Ese odio esquizofrénico ha percolado a quienes no tienen un dólar y no irán, ni ellos ni sus descendencias, en sus vidas al Imperio. Esos millones de desarrapados que al borde de la inanición corren a firmar un documento que les presenta uno de esos multimillonarios corruptos proveniente de la ultraguerrilla pero hediondo en dólares. Y, peor aún, que quienes no tienen otro sostén de respaldo político que las democracias occidentales, a la cabeza de las cuales se encuentra, nos guste o nos disguste, precisamente Estados Unidos, salgan a cacarear su solidaridad con los criminales rojo rojitos.
Por eso, le agradezco profundamente que haya sido la primera nación del orbe en tomar en serio la terrible tragedia que vive el pueblo más indigente e ingenuo del planeta, de una generosidad exultante y un espontaneísmo suicida. Si bien corto de entendimiento, veleidoso y proclive a correr con entusiasmo detrás de sus peores desgracias. Y me avergüenza la infinita estulticia de una élite estúpida y farisea que prefiere ser colonizada por una nación miserable pero vecina y arrodillarse ante quienes sus mayores independizaran.

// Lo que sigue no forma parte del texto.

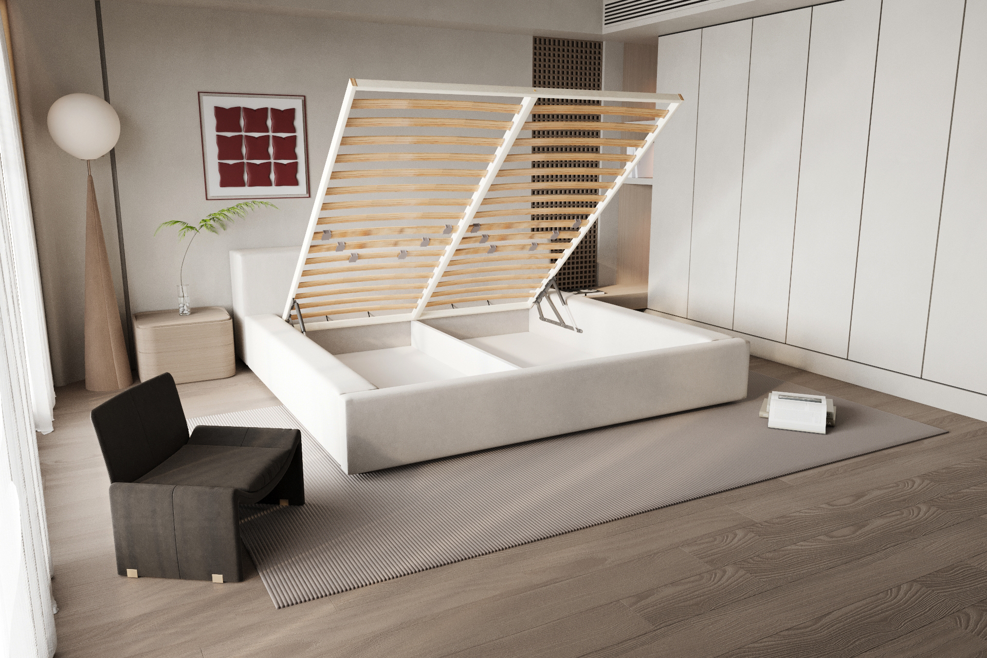 Опцията осигурява отличен достъп до подматрачното пространство, което я прави идеална за съхранение на спално бельо, завивки и лични вещи.

Amén de ser la prueba material más concluyente de la esquizofrenia de una cultura que daría su vida por vivir en Estados Unidos, pero no pierde ocasión de expresar su malestar por su crasa incapacidad para crear su propia civilización, tan culta y desarrollada como la que odia/admira en el Norte, rindiéndose finalmente a su minusvalía.
Así de simple. Gracias Obama. Infinitas gracias.